PROBLEM TO SOLVE
In the material below, the lines between the one holding "Radio Più si" and the one holding "高輪周辺をジョギング中に保安", inclusive, are to be set down word for word. Pictures stay out.
━━ AVAILABLE DATA ━━
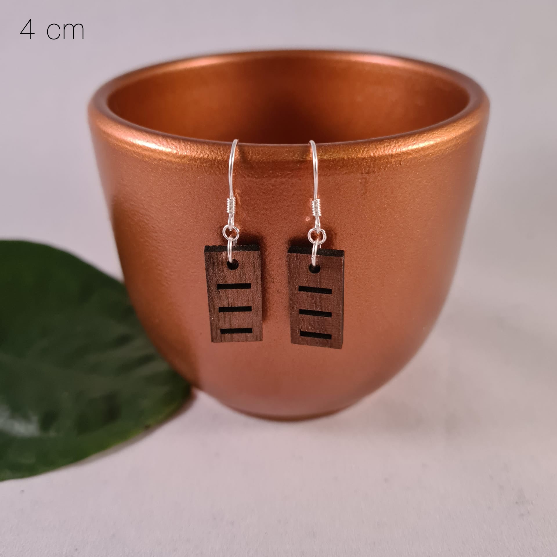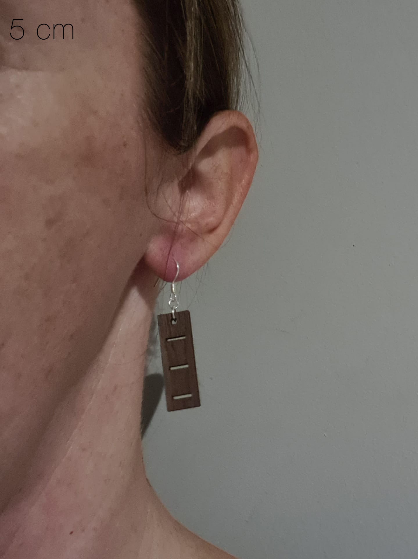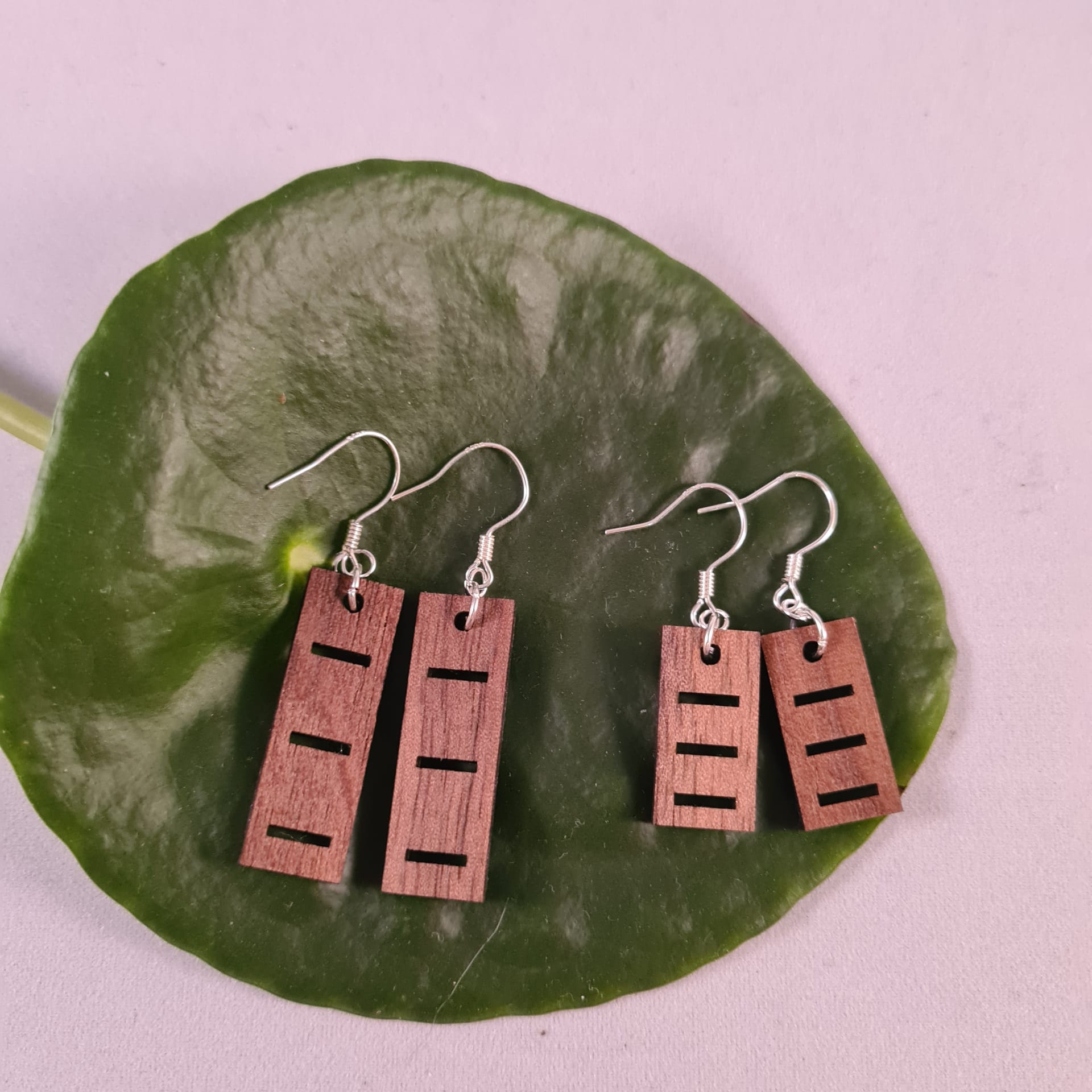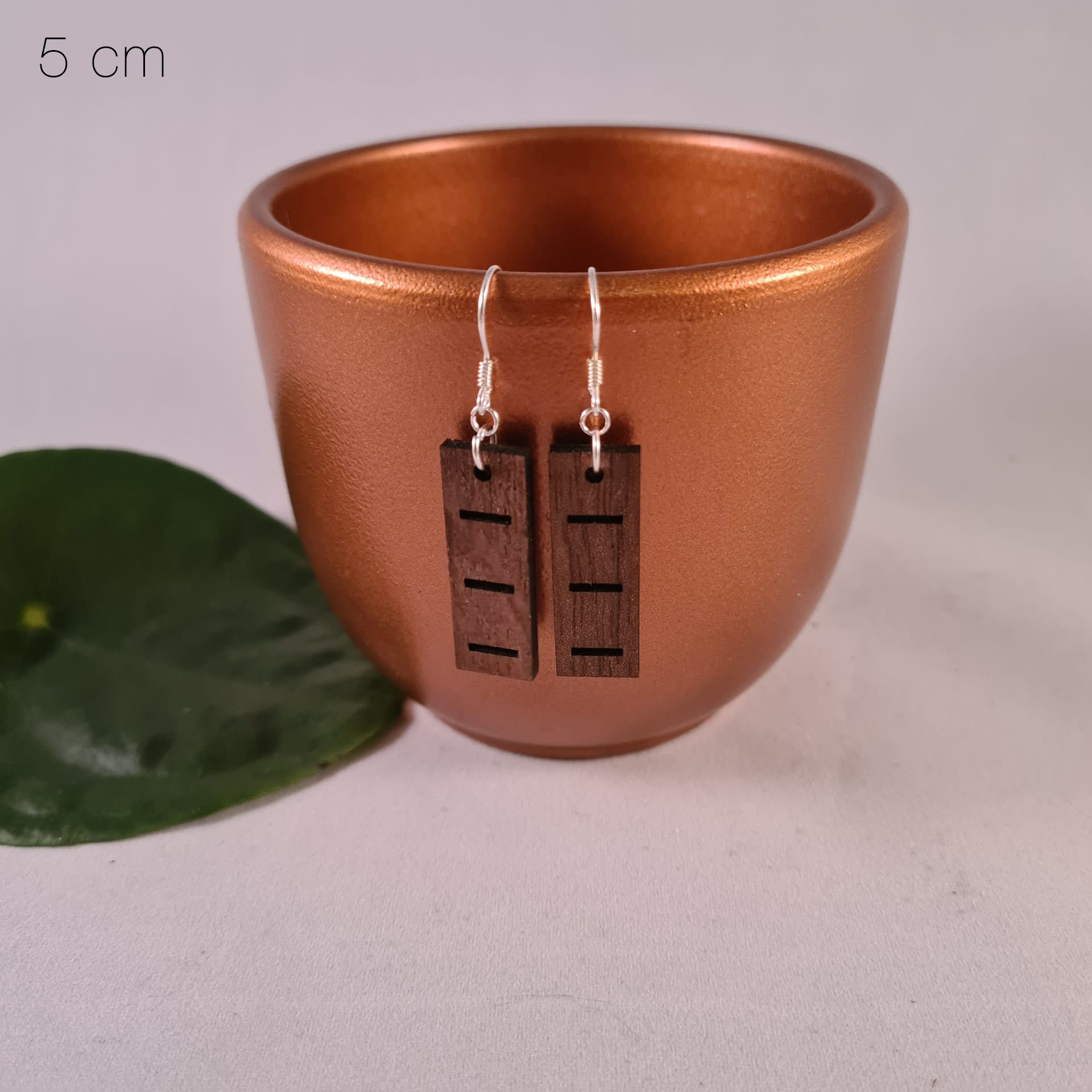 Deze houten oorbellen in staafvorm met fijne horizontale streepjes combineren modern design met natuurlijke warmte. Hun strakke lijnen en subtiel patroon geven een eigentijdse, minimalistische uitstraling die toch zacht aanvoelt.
━━━
━━ AVAILABLE DATA ━━
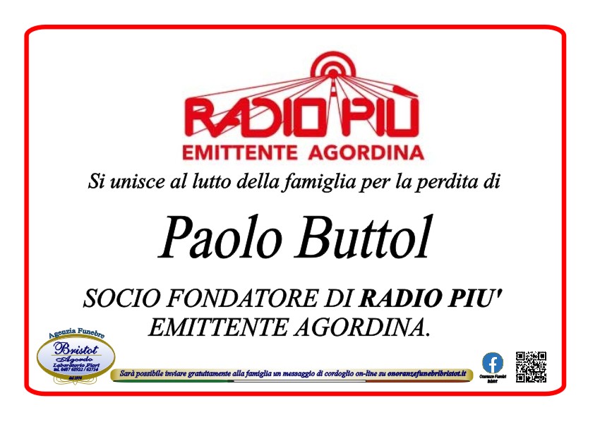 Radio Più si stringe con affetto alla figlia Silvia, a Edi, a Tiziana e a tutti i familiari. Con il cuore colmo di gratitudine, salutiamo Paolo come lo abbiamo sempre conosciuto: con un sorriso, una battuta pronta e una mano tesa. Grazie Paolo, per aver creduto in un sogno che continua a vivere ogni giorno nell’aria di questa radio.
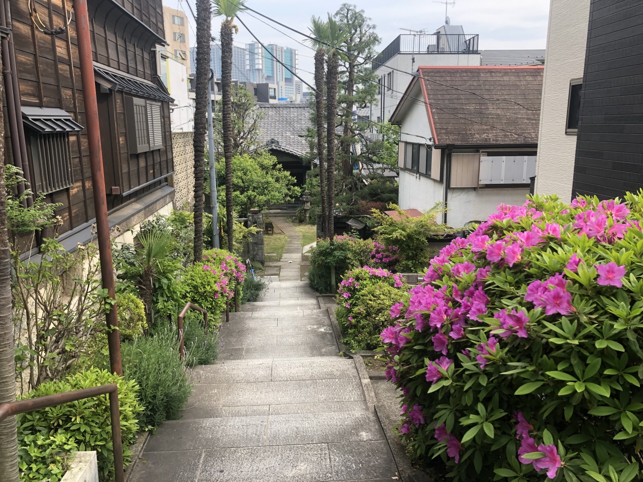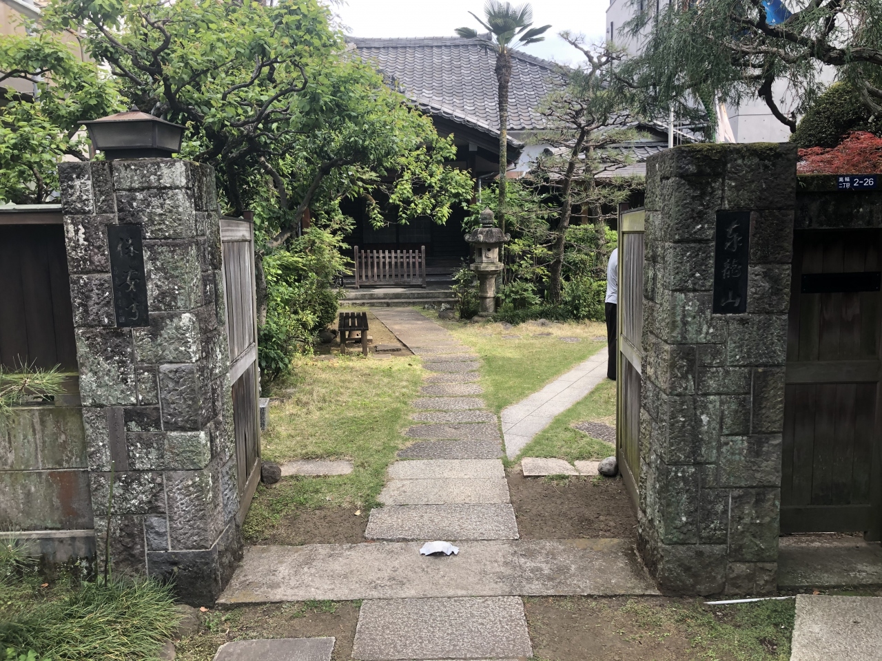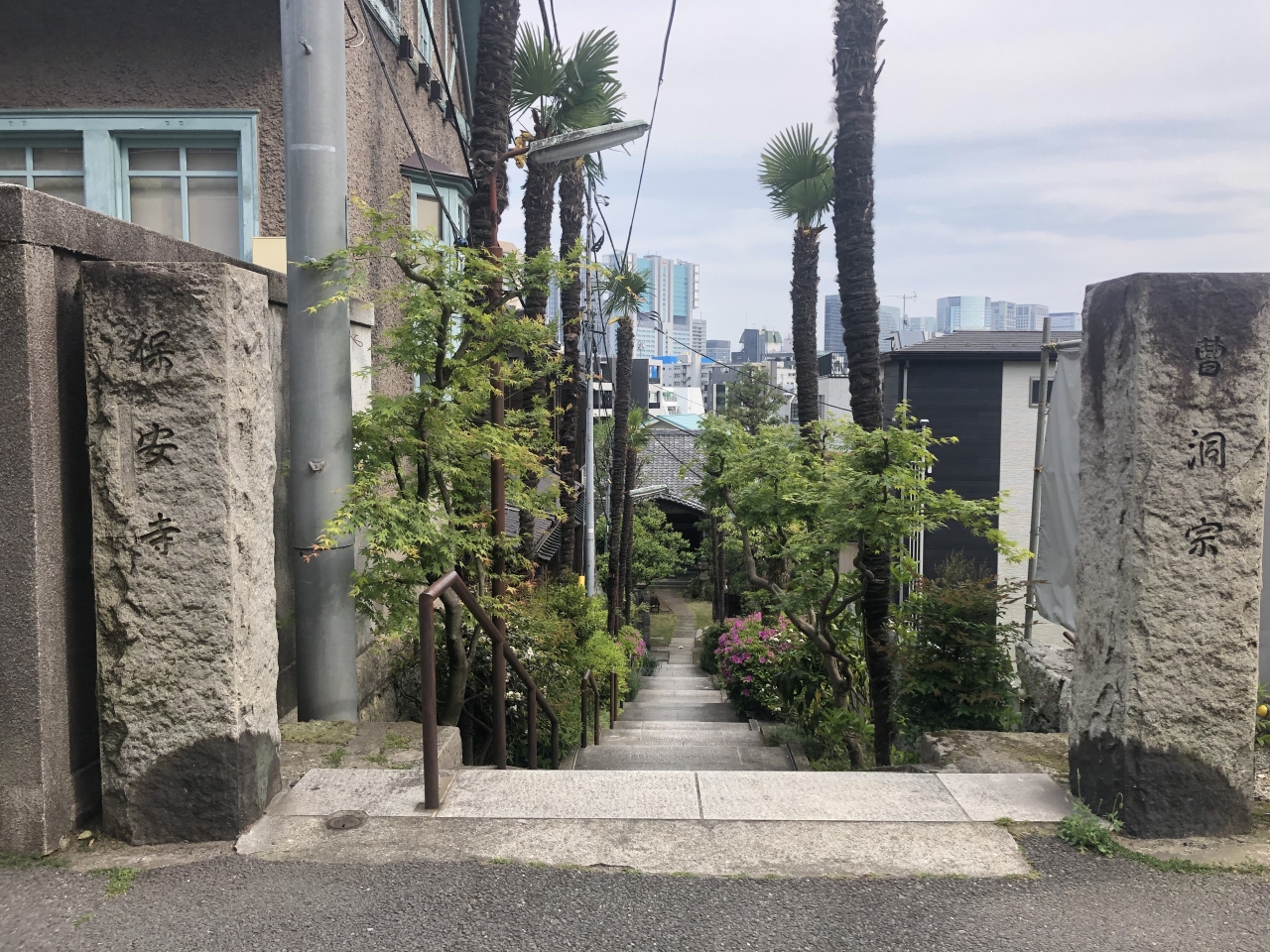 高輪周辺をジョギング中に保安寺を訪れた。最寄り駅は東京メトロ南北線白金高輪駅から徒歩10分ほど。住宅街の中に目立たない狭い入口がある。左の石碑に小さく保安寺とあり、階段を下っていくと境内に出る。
━━━
YOUR SOLUTION
 Radio Più si stringe con affetto alla figlia Silvia, a Edi, a Tiziana e a tutti i familiari. Con il cuore colmo di gratitudine, salutiamo Paolo come lo abbiamo sempre conosciuto: con un sorriso, una battuta pronta e una mano tesa. Grazie Paolo, per aver creduto in un sogno che continua a vivere ogni giorno nell’aria di questa radio.
 高輪周辺をジョギング中に保安寺を訪れた。最寄り駅は東京メトロ南北線白金高輪駅から徒歩10分ほど。住宅街の中に目立たない狭い入口がある。左の石碑に小さく保安寺とあり、階段を下っていくと境内に出る。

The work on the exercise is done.